[Source records]
-- Opening Marker --

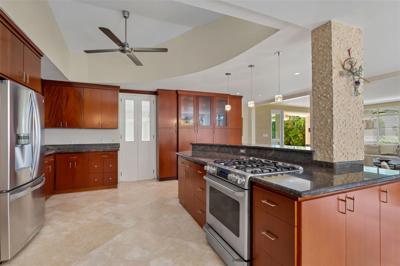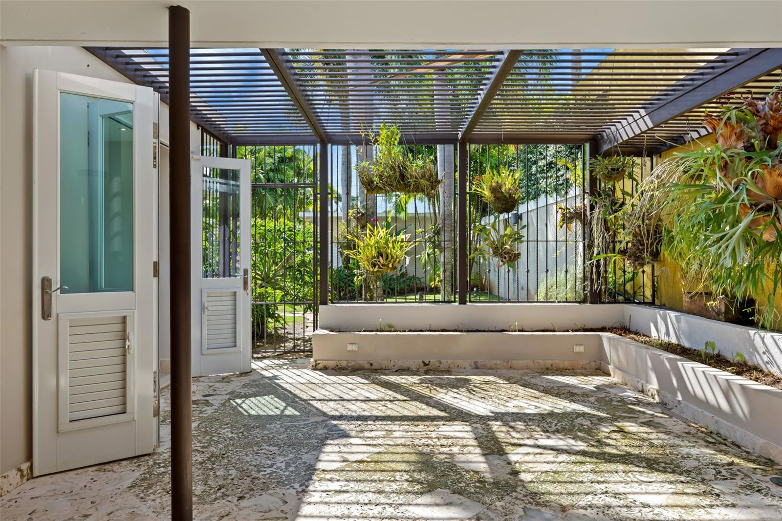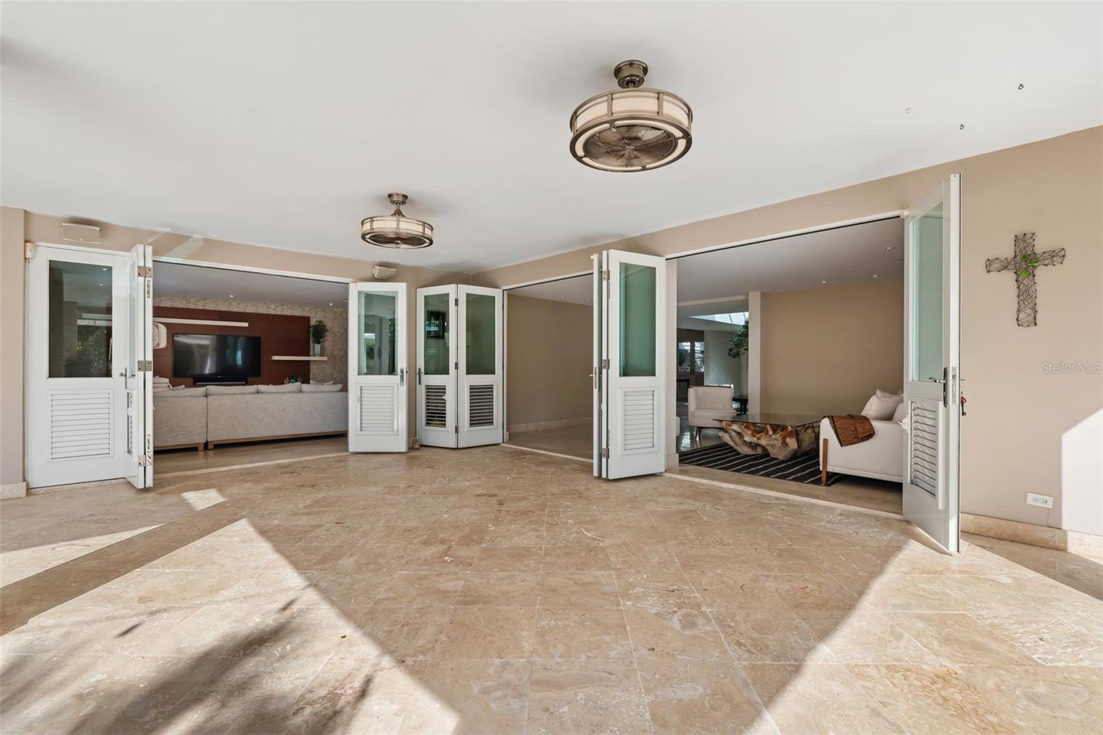 The living areas include a formal living room and a family room, both equipped with security doors that open to the exterior, enhancing the connection to the lush backyard and creating a peaceful, indoor-outdoor living experience.
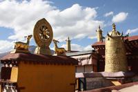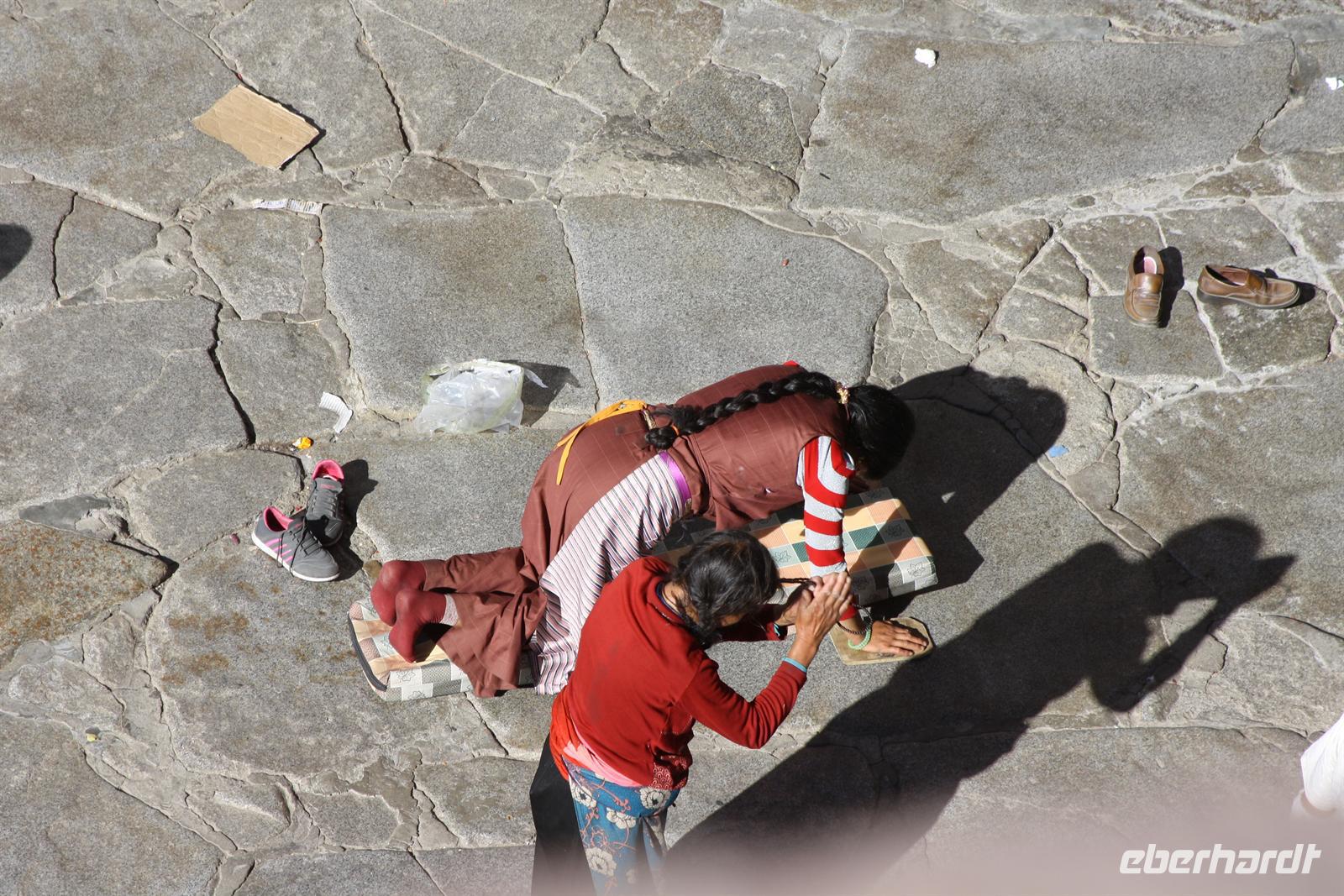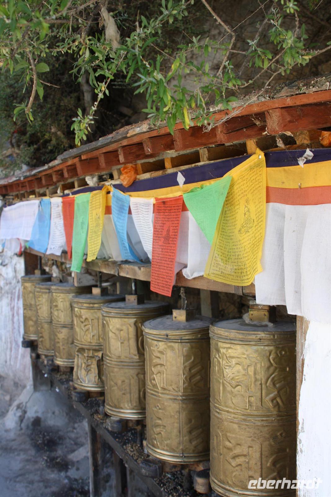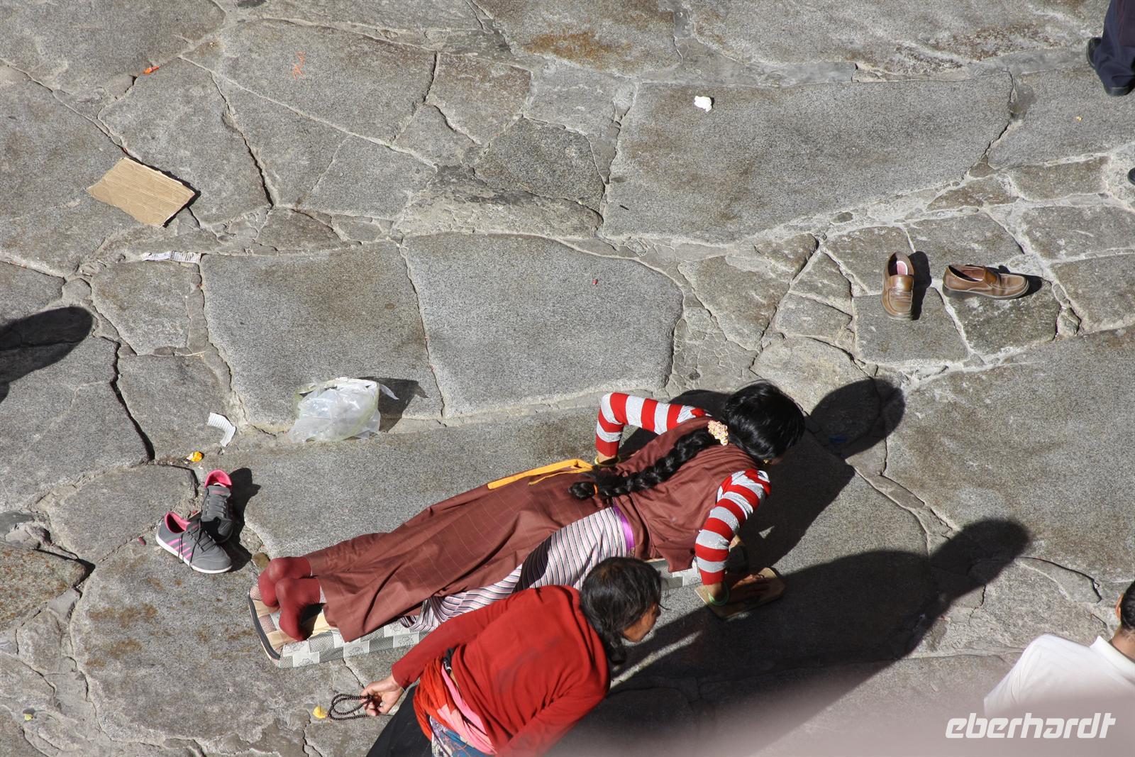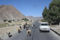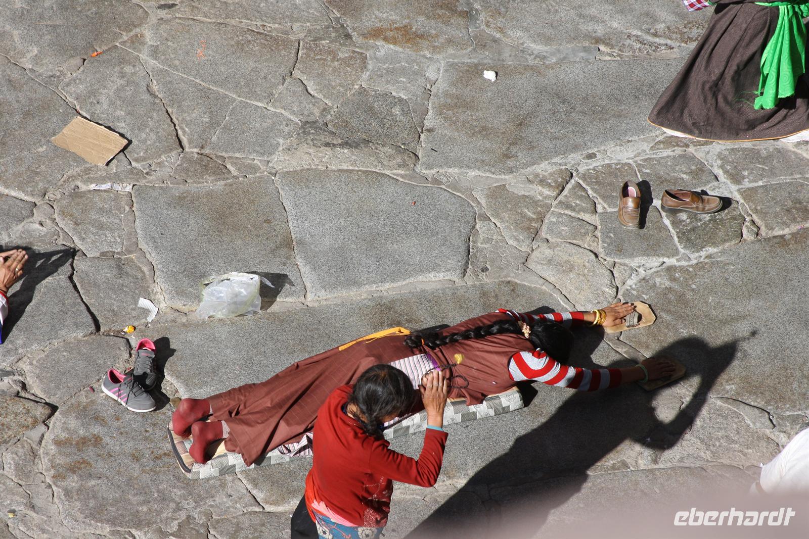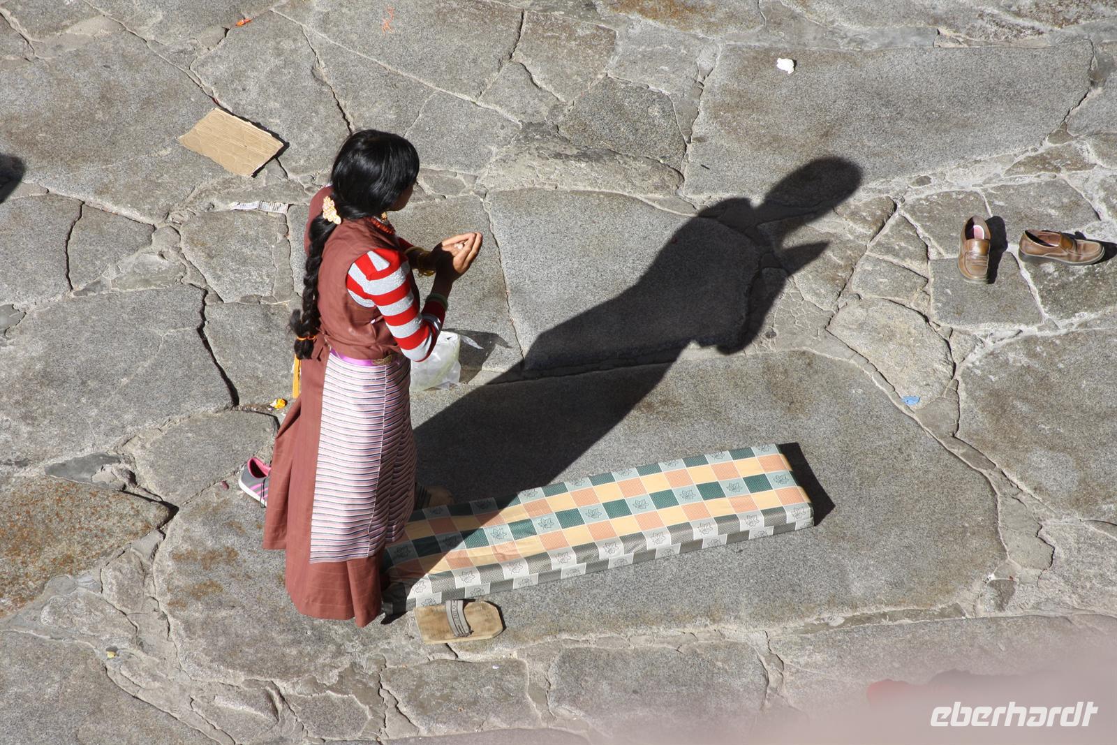 Über die Nordroute fahren wir heute zurück in die Hauptstadt. Entlang der Straße sehen wir des öfteren Pilger und wir geraten auch mal mitten in eine Rinder- oder Schafherde. Nahe eines Hügels legen wir einen Stopp ein - es gibt Geier in dieser Region und somit auch die Möglichkeit für die traditionelle (teure) Himmelsbestattung. Neben der Straße verläuft die zukünftige Bahnstrecke von Lhasa nach Shigatse. Überall sind Baustellen zu sehen, denn bereits in 3 Jahren soll diese Etappe fertig gestellt sein. Über diverse Checkpoints inklusive Passkontrolle erreichen wir schließlich Lhasa. Am Nachmittag besteht noch einmal die Gelegenheit für einen letzten Bummel auf der Barkhor Straße.
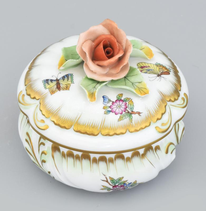 Herendi Viktória mintás bonbonier. Jelzett, rózsán kis pattogzással, d...
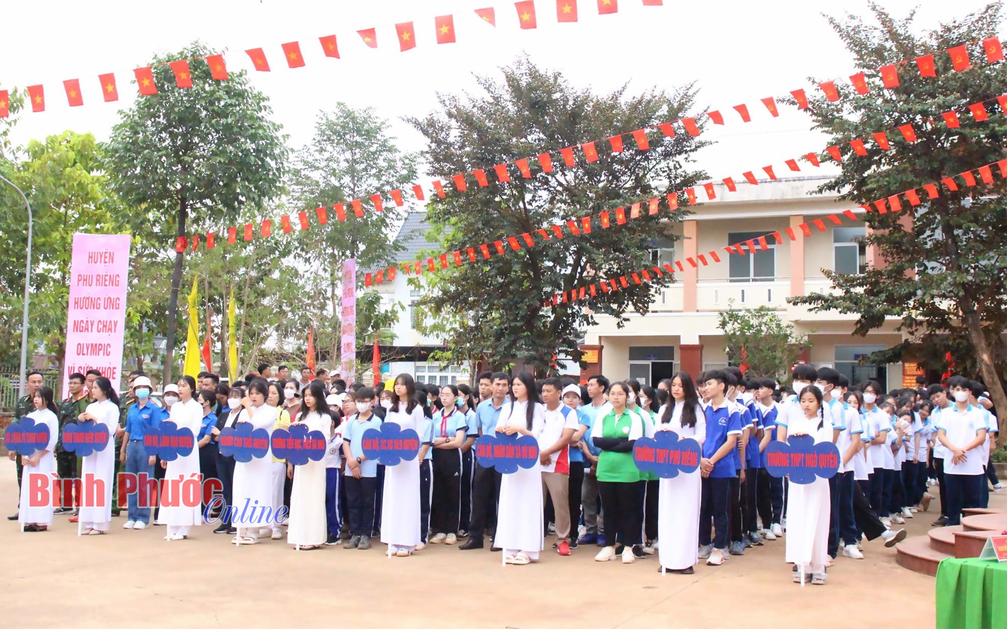 Cán bộ, công chức, viên chức, người lao động, lực lượng vũ trang và nhân dân, học sinh huyện Phú Riềng chạy hưởng ứng Ngày chạy Olympic vì sức khỏe toàn dân năm 2023.
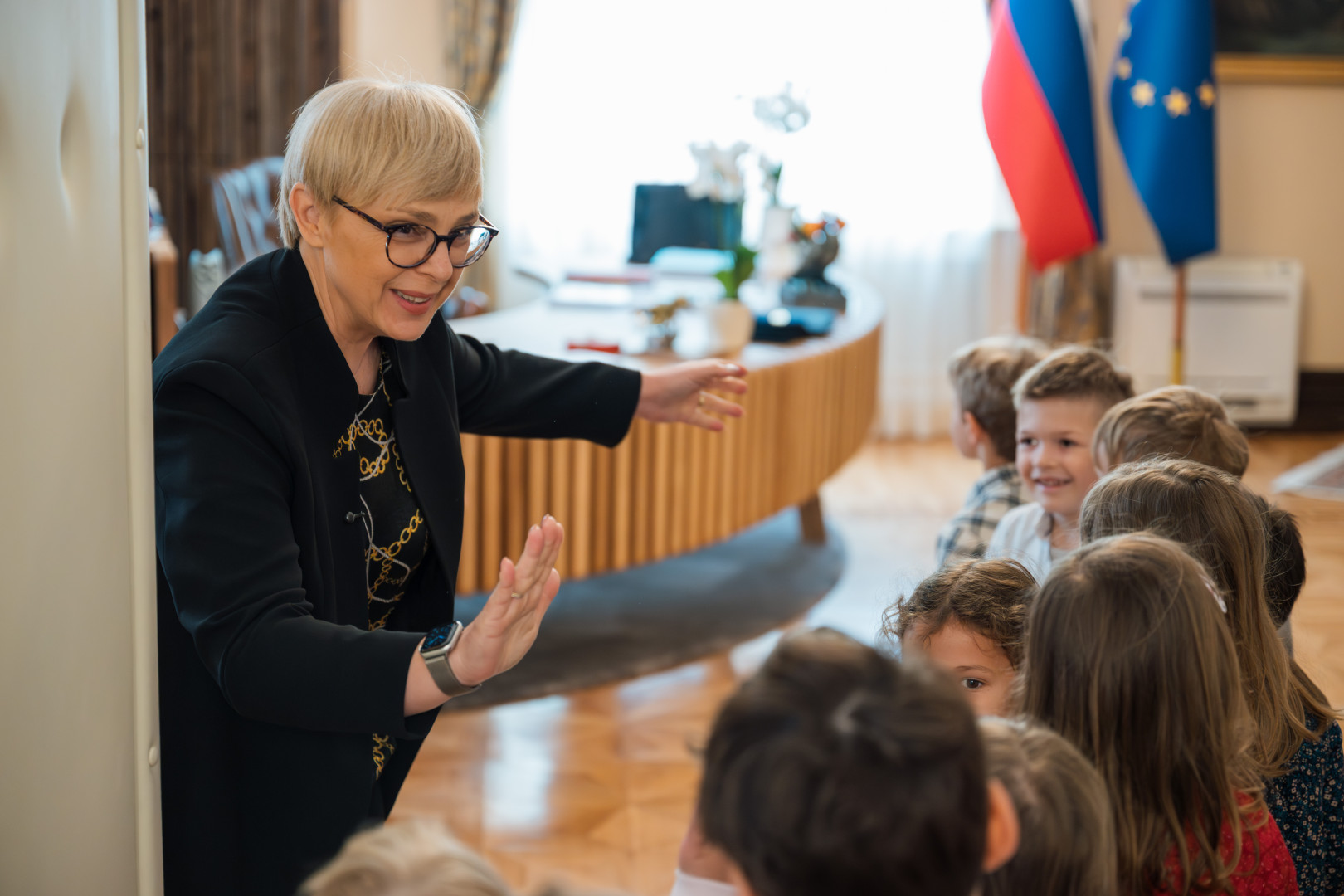 Predsedniško palačo so obiskali otroci iz Vrtca Mladi rod. Otroke je v predsedniški pisarni sprejela predsednica Republike Slovenije Nataša Pirc Musar, ki jim je predstavila svoje delo, svoj vsakdan ter na razumljiv način pojasnila nekatere naloge in pristojnosti predsednice republike.
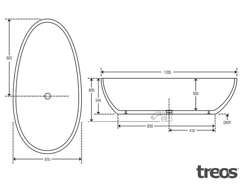 Treos 700 Wanna wolnostojąca 170x85 cm biała 700.04.1785
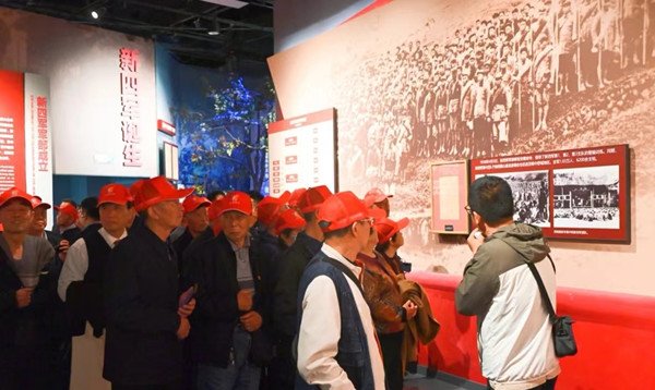 在新四军纪念馆,一张张照片、一行行文字、一份份史料和一幕幕模拟实景,宛若重现了新四军重建军部、浴血奋战的场景。在讲解员的引导下,大家满怀崇敬之情,依次参观序厅、主展厅、传承厅,认真听取讲解介绍,不时驻足观看。
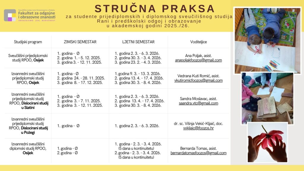 Stručna praksa za studente sveučilišnih prijediplomskih studija i diplomskog studija Rani i predškolski odgoj i obrazovanje na Fakultetu za odgojne i obrazovne znanosti u Osijeku u zimskom i ljetnom semestru akademske godine 2025./2026. održat će se prema navedenim terminima. Zahvaljujemo ravnateljima dječjih vrtića i odgojiteljima mentorima na suradnji i podršci u provedbi stručne prakse.
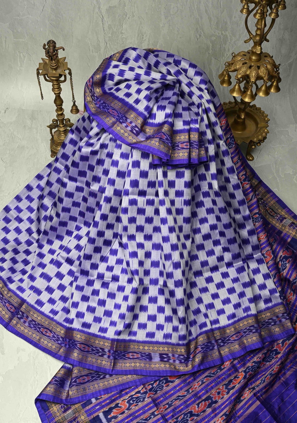 This Ink Purple-Gray Handloom Sambalpuri Ikkat Silk Saree is a beautiful blend of tradition and contemporary style. Handwoven by skilled artisans, it features a subtle yet elegant checks pattern across the body, creating a sophisticated visual texture. The saree is complemented by a matching border that enhances its dual-tone charm. Lightweight, soft, and gracefully draping, this saree is perfect for festive occasions, cultural events, and formal gatherings, reflecting the timeless artistry of Sambalpuri weaving.

-- Closing Marker --

Problem to solve ▸ All the lines above should be reproduced exactly, and none of the pictures.

Solution ▸
 The living areas include a formal living room and a family room, both equipped with security doors that open to the exterior, enhancing the connection to the lush backyard and creating a peaceful, indoor-outdoor living experience.
 Über die Nordroute fahren wir heute zurück in die Hauptstadt. Entlang der Straße sehen wir des öfteren Pilger und wir geraten auch mal mitten in eine Rinder- oder Schafherde. Nahe eines Hügels legen wir einen Stopp ein - es gibt Geier in dieser Region und somit auch die Möglichkeit für die traditionelle (teure) Himmelsbestattung. Neben der Straße verläuft die zukünftige Bahnstrecke von Lhasa nach Shigatse. Überall sind Baustellen zu sehen, denn bereits in 3 Jahren soll diese Etappe fertig gestellt sein. Über diverse Checkpoints inklusive Passkontrolle erreichen wir schließlich Lhasa. Am Nachmittag besteht noch einmal die Gelegenheit für einen letzten Bummel auf der Barkhor Straße.
 Herendi Viktória mintás bonbonier. Jelzett, rózsán kis pattogzással, d...
 Cán bộ, công chức, viên chức, người lao động, lực lượng vũ trang và nhân dân, học sinh huyện Phú Riềng chạy hưởng ứng Ngày chạy Olympic vì sức khỏe toàn dân năm 2023.
 Predsedniško palačo so obiskali otroci iz Vrtca Mladi rod. Otroke je v predsedniški pisarni sprejela predsednica Republike Slovenije Nataša Pirc Musar, ki jim je predstavila svoje delo, svoj vsakdan ter na razumljiv način pojasnila nekatere naloge in pristojnosti predsednice republike.
 Treos 700 Wanna wolnostojąca 170x85 cm biała 700.04.1785
 在新四军纪念馆,一张张照片、一行行文字、一份份史料和一幕幕模拟实景,宛若重现了新四军重建军部、浴血奋战的场景。在讲解员的引导下,大家满怀崇敬之情,依次参观序厅、主展厅、传承厅,认真听取讲解介绍,不时驻足观看。
 Stručna praksa za studente sveučilišnih prijediplomskih studija i diplomskog studija Rani i predškolski odgoj i obrazovanje na Fakultetu za odgojne i obrazovne znanosti u Osijeku u zimskom i ljetnom semestru akademske godine 2025./2026. održat će se prema navedenim terminima. Zahvaljujemo ravnateljima dječjih vrtića i odgojiteljima mentorima na suradnji i podršci u provedbi stručne prakse.
 This Ink Purple-Gray Handloom Sambalpuri Ikkat Silk Saree is a beautiful blend of tradition and contemporary style. Handwoven by skilled artisans, it features a subtle yet elegant checks pattern across the body, creating a sophisticated visual texture. The saree is complemented by a matching border that enhances its dual-tone charm. Lightweight, soft, and gracefully draping, this saree is perfect for festive occasions, cultural events, and formal gatherings, reflecting the timeless artistry of Sambalpuri weaving.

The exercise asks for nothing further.